4.6.2. Login and User Profile

The login function has been rigorously tested to ensure safe and efficient access to user accounts. In our testing, we started with a login button on a landing page and verified that it triggered a seamless transition to the login interface where users could enter their credentials. Authentication checks are performed to verify correct credentials and confirm the application’s ability to seamlessly grant users access to the dashboard. After logging in, the user profile view in the dashboard is checked to ensure it contains the following information for the user: B. reflects his email address correctly. This verification step is important to maintain user trust and provide a personalized login experience. Additionally, user session management and logout functionality has been tested to ensure that users can safely log out of their accounts from any page in the application. To start the logout process, access the Settings menu. The app’s response to these actions is monitored to ensure that users are properly directed to landing pages or other designated areas. The goal of this testing is to verify the overall reliability and security of the login process and ensure that users can safely access and manage their accounts.

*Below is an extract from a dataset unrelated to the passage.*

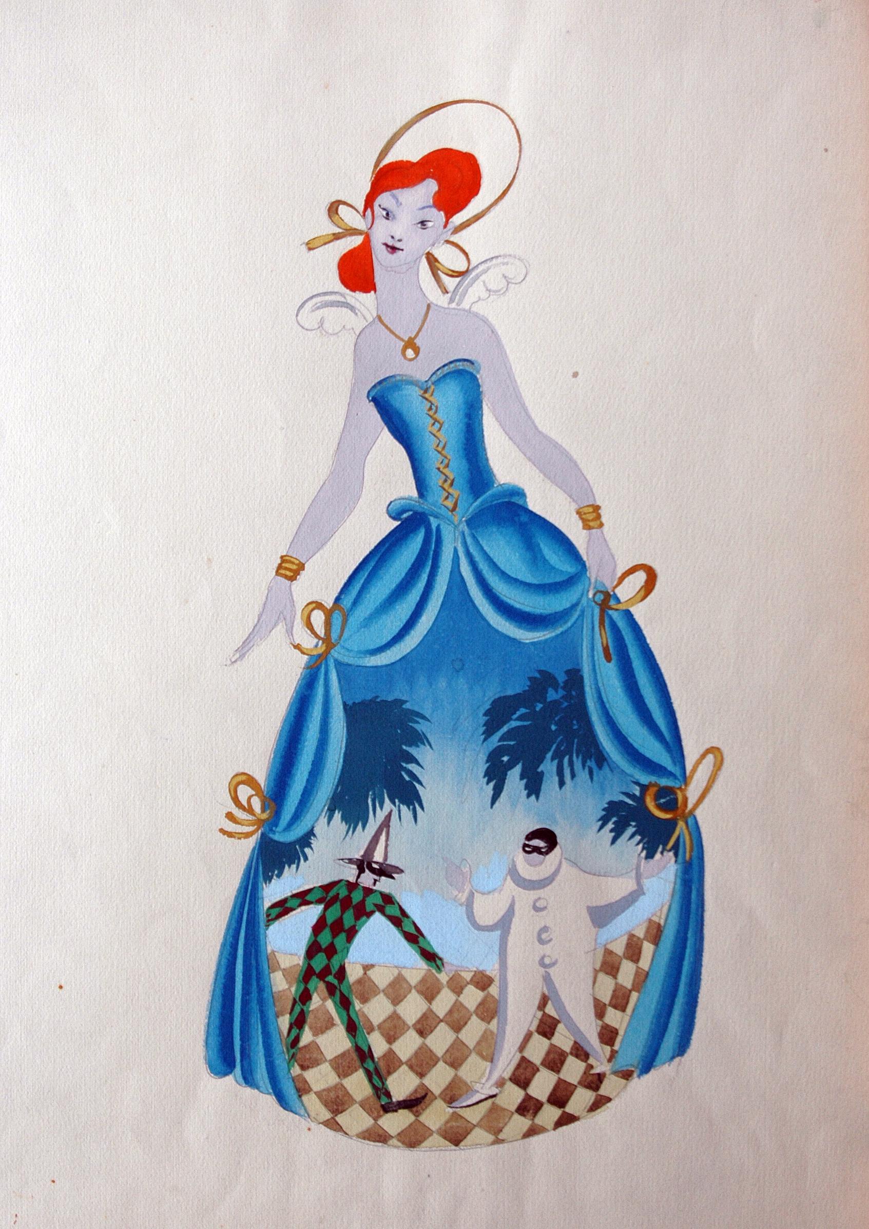 Эскиз костюма для персонажа Юлии Джули из спектакля «Тень», созданный Николаем Акимовым.

Detailed analysis of login functions and user profiles not only ensures their functionality, but also emphasizes that the app adheres to security best practices and user-centered design principles, thereby increasing overall user satisfaction and trust.

4.7. Interview Simulation

The Interview Simulation feature has been extensively tested to evaluate how well it prepares users for real interviews.Click the "Start Interview" button to start the interview.This will take the user to the job description selection page.It evaluates the application’s ability to display relevant job information or allow custom input based on the user’s preferences.Central to the testing process is the automatic generation of interview questions and their clear and structured presentation to users.Researchers use the voice input to ensure accurate transcription of responses and real-time scoring.It gives you instant feedback to improve your interview.Interview navigation, such as moving between questions and providing answers, is carefully monitored to ensure smooth navigation and intuitive user control.
The program’s ability to display timers and progress indicators accurately mirrors the interview process and increases user engagement and focus.After the interview, testers review the app’s evaluation and feedback mechanisms to provide users with meaningful information about performance and opportunities for improvement.Overall, this interview simulation test aims to validate Invisor’s effectiveness in teaching practical interviewing skills through a user-friendly and interactive experience.Rigorous testing of this interview simulation feature not only ensures its reliability, but also emphasizes the feature’s role in creating a realistic simulation environment where users can practice and improve their interview skills.Iterative feedback from these tests drives improvements aimed at improving user engagement and performance ratings to meet user expectations and industry standards.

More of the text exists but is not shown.